Mac then left, less because she wanted to be early for her appointment, he decided, than to avoid being in on the interview with Margaret Detweiler. Which was not like Mac, who usually thrived on confrontation.
The drivers and loaders had also departed. The afternoon was snowy and further work could be put off until tomorrow when it was supposed to be sunny and mild.
He asked Maggie to come in and sit in the chair across the desk from him.
He told her about going through San Angelo on his trip to Texas. She said nothing, gazing with her wonderful eyes out the window at the empty yard in which new snow was being whirled about in a gusty wind.
When she continued to say nothing as he went over the importance of a work history, or failing that, a personal history, he became irritated. “So you admit you lied? You hadn’t lived in San Angelo forever—”
She looked at him then. “Who lives anywhere forever?”
“I mean, where did you live before?” He felt he was losing his concentration and control of the conversation.
“That is not relevant to my working here,” she said softly. “I am no criminal. I am fleeing no bench warrant.”
He felt helpless in the face of her implacability.
Then she looked unhappy and seemed to regret his distress. She rose and came around the desk. She looked down at him and took his hand as though he were the one at a disadvantage, the one who needed comfort.
“You have been very kind to me,” she said and held the back of his rough hand against the softness of her sweater.
After a moment he got to his feet, pulled down the shade, and locked the door.
Later, after she had gone, he realized that he had done one of the monumentally stupid things in his life, and he thought he surely was going to be made to regret it.
Though he dreaded seeing her the next morning at work, she was as collected and impersonal as ever. And Mac was delighted with him on finding that she was still there.
He left work that afternoon thinking he had gotten away with one and was very pleased with himself. He fed Willie, fielded a couple of messages from Sandy that said she would be in touch, turned on the television, and then felt very much alone. He felt his loneliness as though it was so much empty space stretching away on all sides of him. It made him unhappy and restless.
He drove by the house in which Margaret Detweiler said she had taken a room, then stopped and asked her to dinner. Afterwards he took her back to his house, where he ignored other messages from Sandy. Maggie said she had paid for her room until the end of the month, but seemed pleased that he had asked her to stay with him. She said that she thought there would be fewer complications if she did not.
He had to leave the Porsche off for servicing after his trip to Texas and asked her to give him a ride to and from work the next day. Mac wouldn’t be coming in again. She said she was due at any moment, and even the short ride out of town to the plant, she asserted, could be hazardous to herself and her incipient offspring.
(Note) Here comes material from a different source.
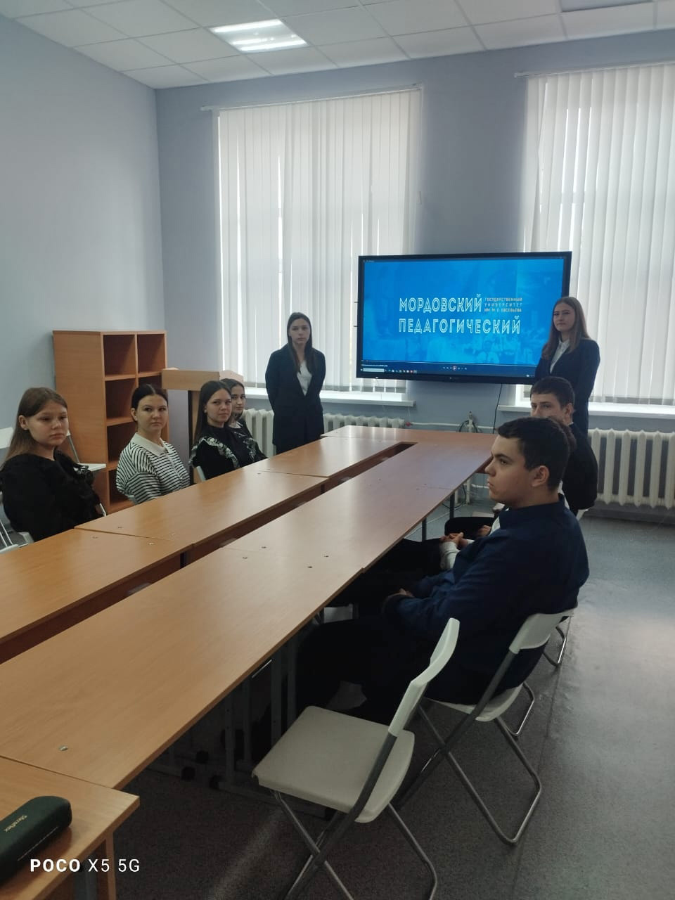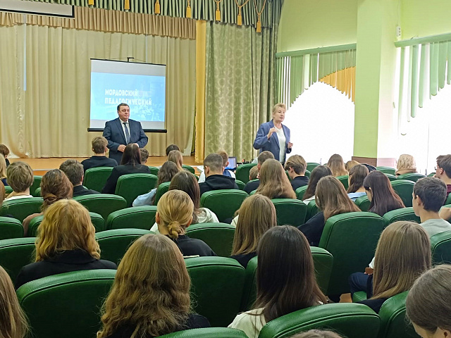 24 октября преподаватели кафедры дошкольного и начального образования, доценты Щемерова Н. Н. и Киркина Е. Н., вместе со студентами университета посетили МАОУ «Козловская средняя школа» и МБОУ «Поселковская средняя школа № 1» имени Героя Советского Союза Зайцева Б. М. в Атяшевском муниципальном районе. В ходе встречи они рассказали одиннадцатиклассникам об особенностях педагогической профессии, богатой истории и структуре университета, а также подробно осветили все тонкости поступления, условия обучения и возможности внеучебной деятельности студентов.

Maggie was now in charge, although Mac’s help was only a telephone call away.
Maggie picked him up at the service center in her old car, which was very clean inside and uncluttered except for a cheap plastic holder for cups which straddled the hump of the transmission. She confessed that she drank coffee constantly, continually, as much and as often as she could afford. Free coffee at work was a substantial benefit as far as she was concerned, though it didn’t obviate the need for making a pot as soon as she got up.